▶ [About this exercise]: Keeping pictures out of the copy, restate each record word for word.

▶ [Records supplied]:

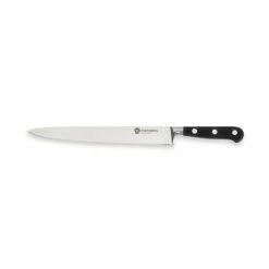 Avec sa lame de 25 cm, le couteau de cuisine Tranchelard Mathon Les Spécialistes est idéal pour trancher les rôtis, viandes, jambons crus ou cuits. Il fait partie d’une ligne de couteaux de type professionnel pour un usage quotidien. Réalisés dans les meilleurs aciers, ils sont forgés d’une seule pièce avec une lame pleine soie monobloc, d’où leur exceptionnelle robustesse. En acier en haute teneur en carbone et chrome molybdène vanadium, ce sont de véritables outils de précision, efficaces et précis, qui s’adaptent à tous les besoins. Munis de manches ergonomiques POM satin galbé très robustes, ils sont garantis 25 ans.
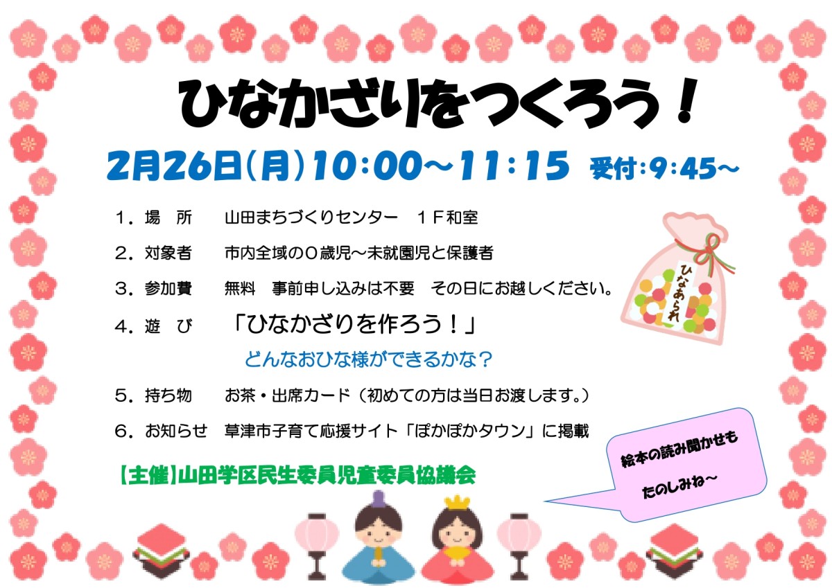 【予告】すくすくランド(2月)「ひなかざりをつくろう!」
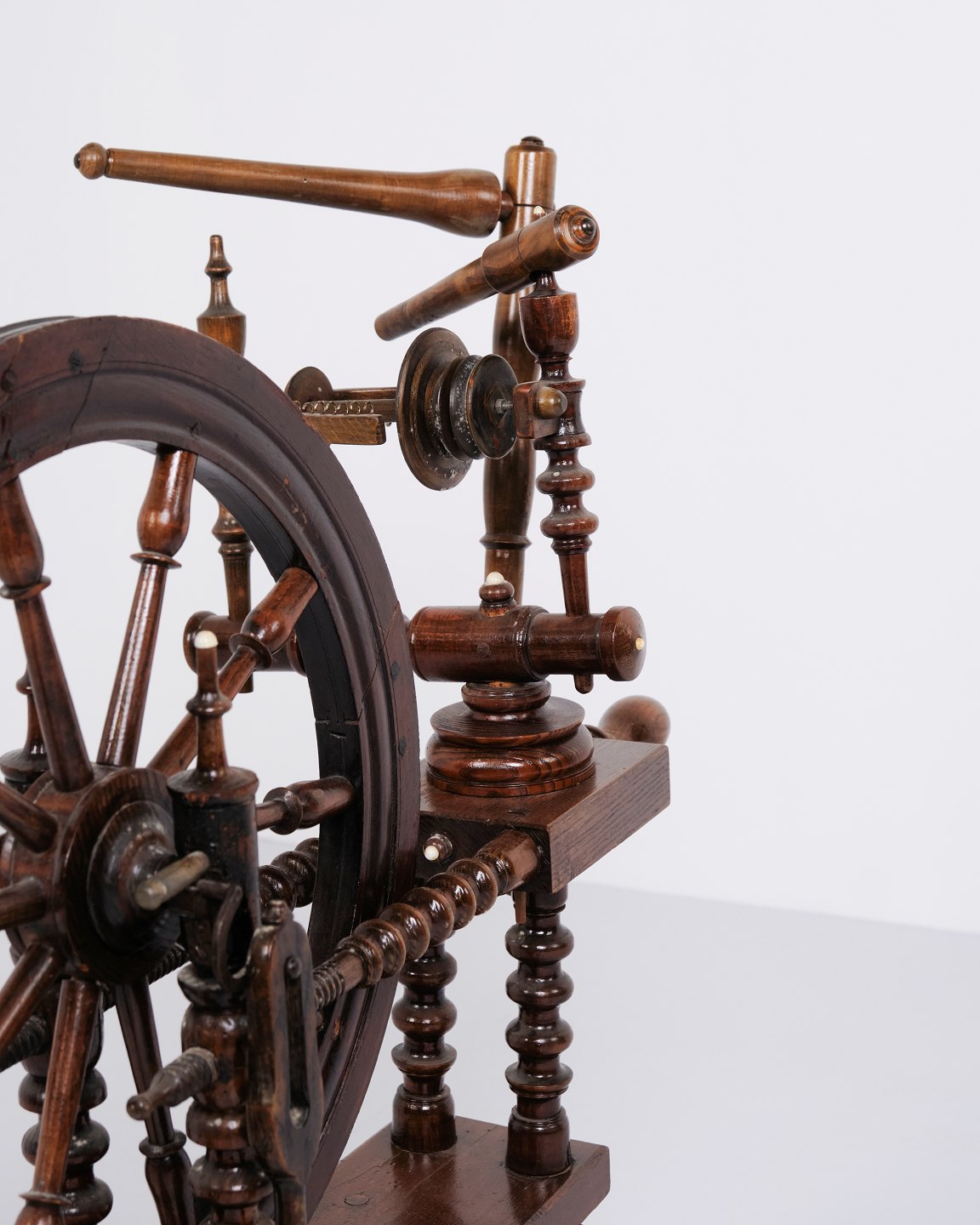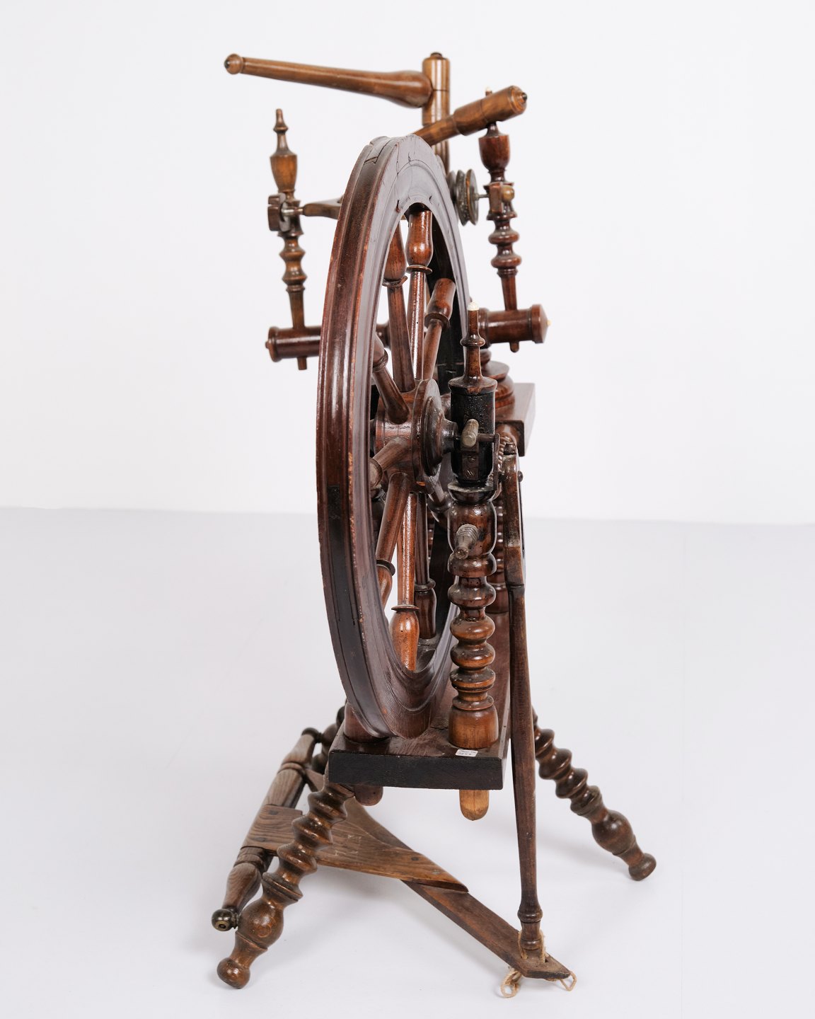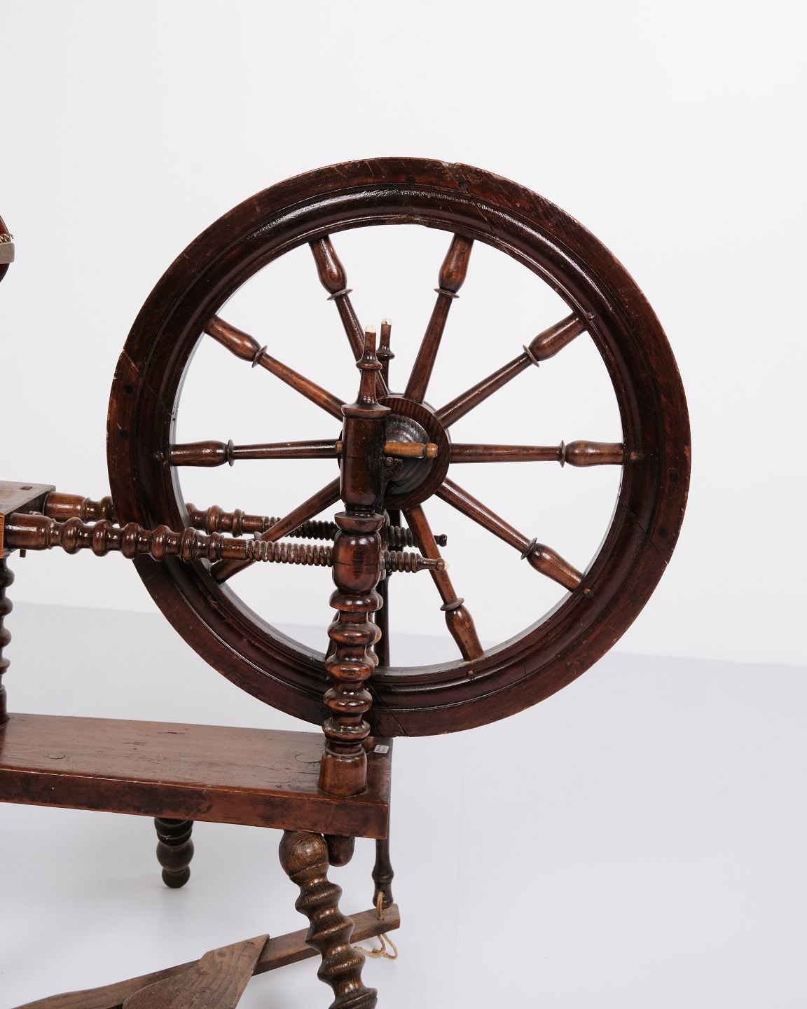 Antique spinning wheel from the 1880s in hand-polished dark wood.
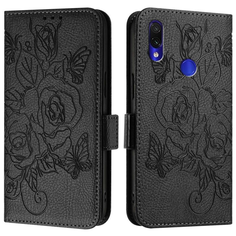 Για Redmi Note 7 / 7 Pro / 7S ανάγλυφο Rose RFID αντικλεπτική δερμάτινη θήκη τηλεφώνου (μαύρο)
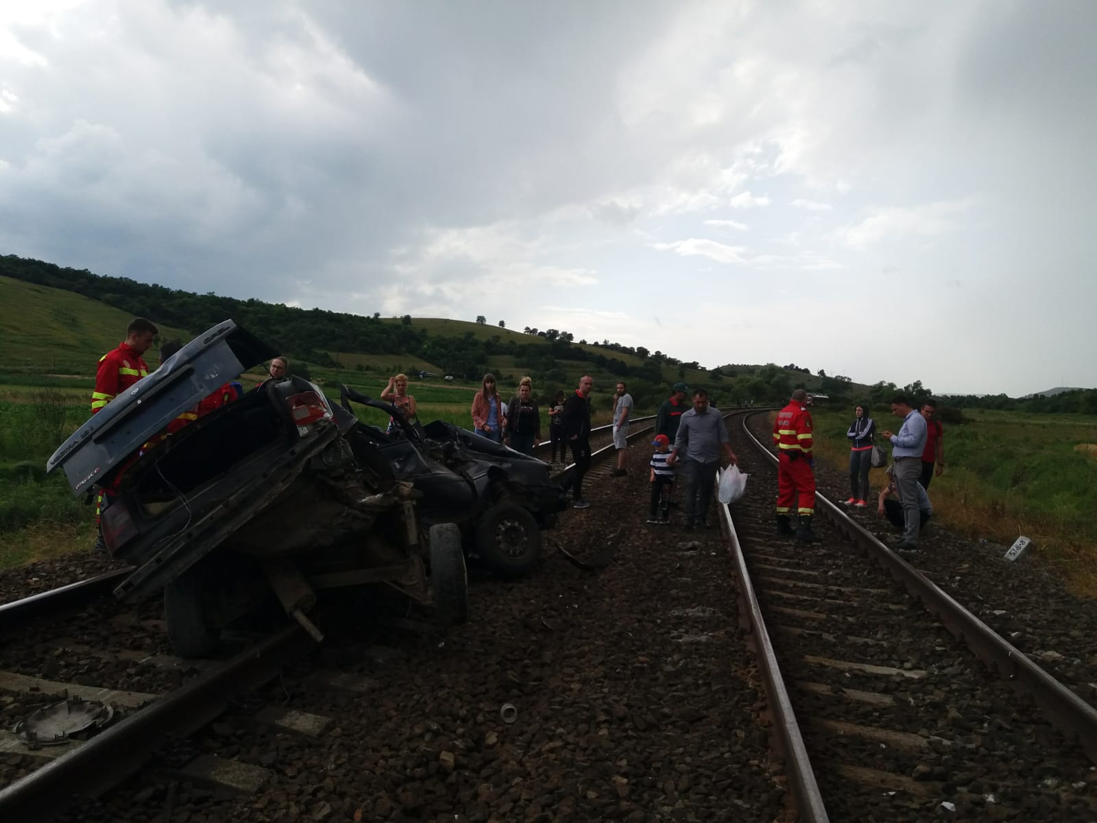 Un tren care circula pe relația Cluj-Napoca - Oradea a surprins in gabaritul caii ferate un autovehicul între haltele Gârbău- Macău.
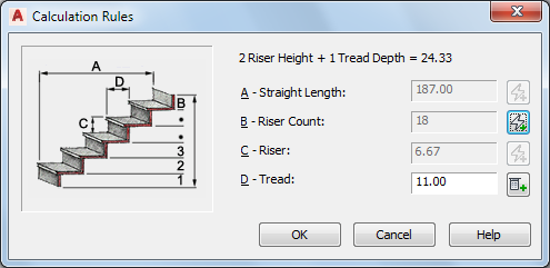 Some of the interacting dimensions can be user-defined and some are automatic, depending upon the combination of fields that are selected. Only logical combinations are available when the rule-based calculator is in effect. When the rule-based calculator is not in effect, either tread or straight length can be user-defined and either riser count or riser height can be user-defined.
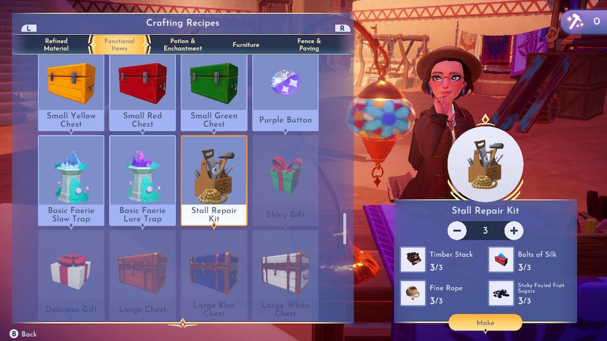 必要な材料をすべて集めたら、任意のクラフトステーションに向かい、3つのストール修理キットを作成します。これらの追加キットを使用する必要がありますの3つの屋台を修正します 中央市場、そしてあなたが修正した3番目のものは、古代の黄色の鍵を市場のリソースバッグの隣の地面に投げ出します。
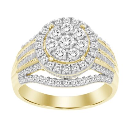 LADIES FASHION RING 1.00CT ROUND/BAGUETTE DIAMOND 10K YELLOW GOLD
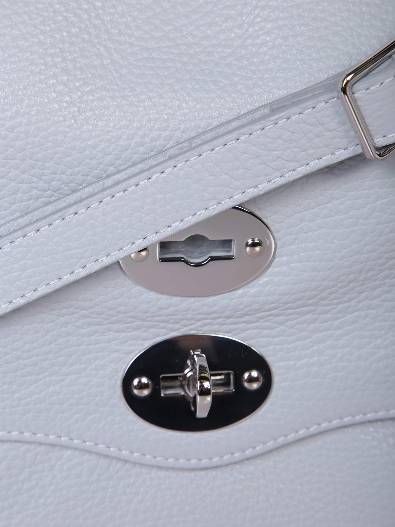 Made from high-quality leather. Adjustable and detachable shoulder strap. Flap closure with lock.
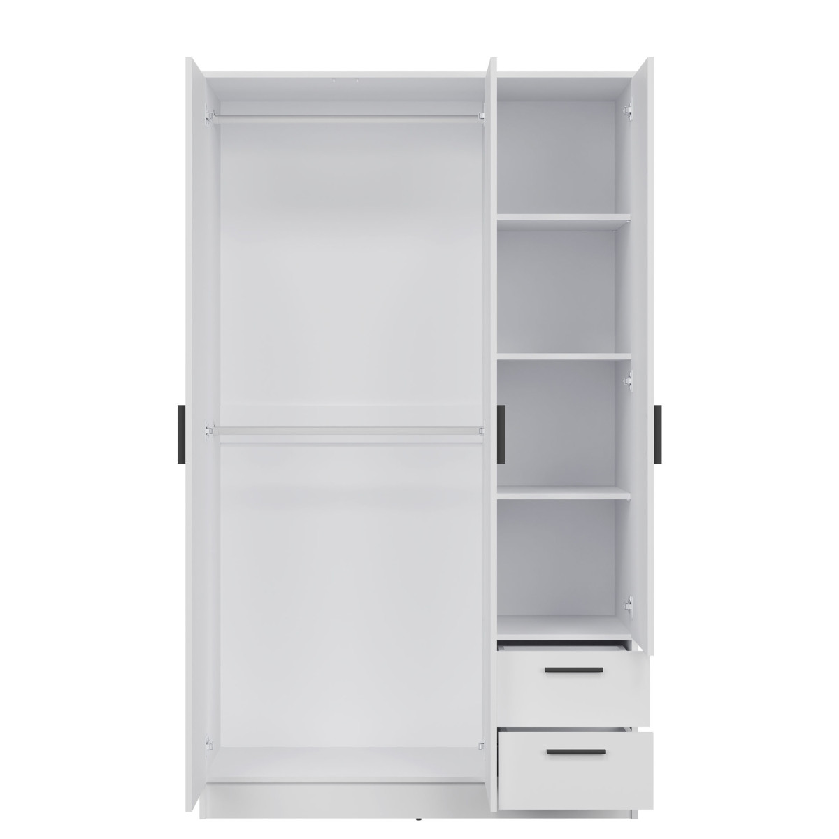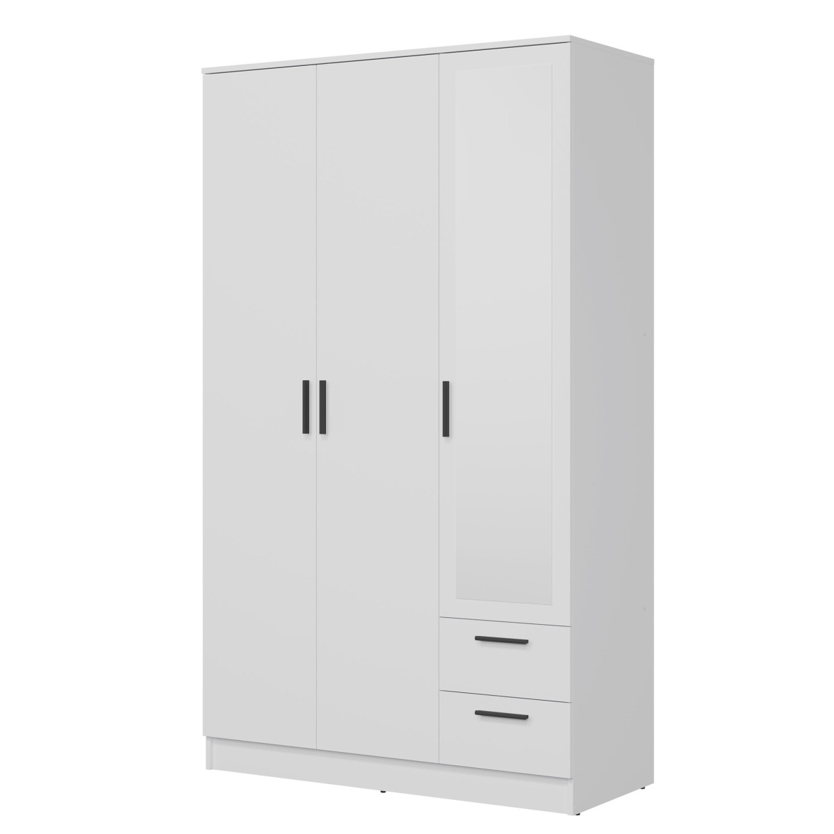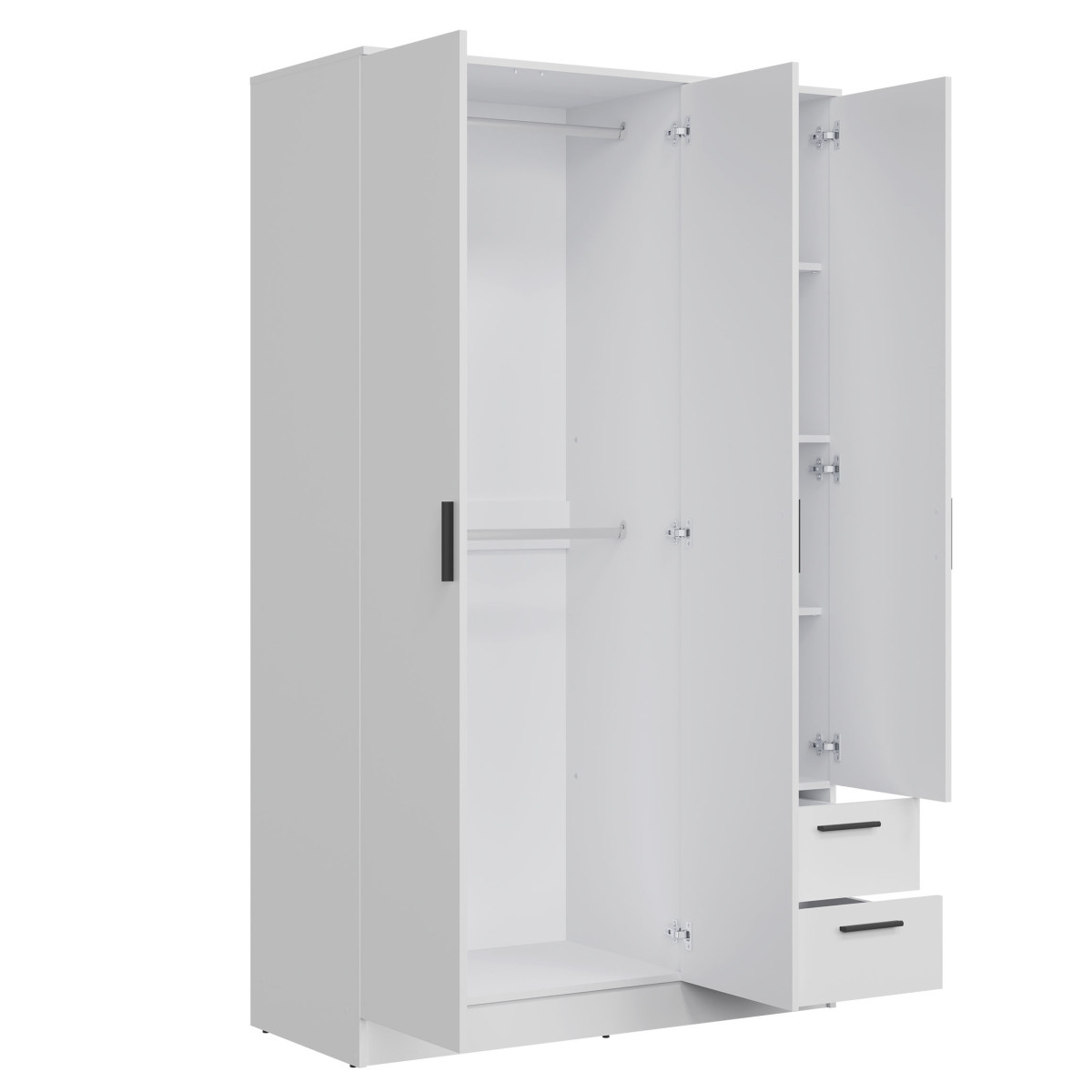 Width 120 cm Depth 52 cm Height 204.7 cm Product weight with packaging 95.85 kg Manufacturer’s code / symbol MT03 Collection name MONTANA Name in the b2b system MONTANA MT03 WARDROBE WHITE/WHITE SET Number of product packages 3 Style Modern Equipment Assembly instructions / assembly accessories Assembly For self-assembly Body color White Body finish material / type / thickness 16 mm furniture board Top of body finish / material / type / thickness 16 mm furniture board Bottom crown of body finish / material / type / thickness 16 mm furniture board Shelf color White Shelf finish material / type / thickness 16 mm furniture board Shelf quantity 2 Crown type shelf quantity 1 Back wall finish material / type / thickness 2.5 mm HDF furniture board Back wall – visible part color White Front color White Front finish material / type / thickness 16 mm furniture board Front with mirror YES Front with mirror quantity 1 Front hinge ⌀ 35 mm adjustable in three planes Front handle / finish / color Plastic / black Full extension drawer runners Foot / finish / color Non-adjustable / Furniture glide / plastic / Black Number of doors 3 Number of drawers 2 Number of closed niches Standard 5 / extendable up to 9 Body equipment Standard 2 hanger bars

▶ [Result of the task]:
 Avec sa lame de 25 cm, le couteau de cuisine Tranchelard Mathon Les Spécialistes est idéal pour trancher les rôtis, viandes, jambons crus ou cuits. Il fait partie d’une ligne de couteaux de type professionnel pour un usage quotidien. Réalisés dans les meilleurs aciers, ils sont forgés d’une seule pièce avec une lame pleine soie monobloc, d’où leur exceptionnelle robustesse. En acier en haute teneur en carbone et chrome molybdène vanadium, ce sont de véritables outils de précision, efficaces et précis, qui s’adaptent à tous les besoins. Munis de manches ergonomiques POM satin galbé très robustes, ils sont garantis 25 ans.
 【予告】すくすくランド(2月)「ひなかざりをつくろう!」
 Antique spinning wheel from the 1880s in hand-polished dark wood.
 Για Redmi Note 7 / 7 Pro / 7S ανάγλυφο Rose RFID αντικλεπτική δερμάτινη θήκη τηλεφώνου (μαύρο)
 Un tren care circula pe relația Cluj-Napoca - Oradea a surprins in gabaritul caii ferate un autovehicul între haltele Gârbău- Macău.
 Some of the interacting dimensions can be user-defined and some are automatic, depending upon the combination of fields that are selected. Only logical combinations are available when the rule-based calculator is in effect. When the rule-based calculator is not in effect, either tread or straight length can be user-defined and either riser count or riser height can be user-defined.
 必要な材料をすべて集めたら、任意のクラフトステーションに向かい、3つのストール修理キットを作成します。これらの追加キットを使用する必要がありますの3つの屋台を修正します 中央市場、そしてあなたが修正した3番目のものは、古代の黄色の鍵を市場のリソースバッグの隣の地面に投げ出します。
 LADIES FASHION RING 1.00CT ROUND/BAGUETTE DIAMOND 10K YELLOW GOLD
 Made from high-quality leather. Adjustable and detachable shoulder strap. Flap closure with lock.
 Width 120 cm Depth 52 cm Height 204.7 cm Product weight with packaging 95.85 kg Manufacturer’s code / symbol MT03 Collection name MONTANA Name in the b2b system MONTANA MT03 WARDROBE WHITE/WHITE SET Number of product packages 3 Style Modern Equipment Assembly instructions / assembly accessories Assembly For self-assembly Body color White Body finish material / type / thickness 16 mm furniture board Top of body finish / material / type / thickness 16 mm furniture board Bottom crown of body finish / material / type / thickness 16 mm furniture board Shelf color White Shelf finish material / type / thickness 16 mm furniture board Shelf quantity 2 Crown type shelf quantity 1 Back wall finish material / type / thickness 2.5 mm HDF furniture board Back wall – visible part color White Front color White Front finish material / type / thickness 16 mm furniture board Front with mirror YES Front with mirror quantity 1 Front hinge ⌀ 35 mm adjustable in three planes Front handle / finish / color Plastic / black Full extension drawer runners Foot / finish / color Non-adjustable / Furniture glide / plastic / Black Number of doors 3 Number of drawers 2 Number of closed niches Standard 5 / extendable up to 9 Body equipment Standard 2 hanger bars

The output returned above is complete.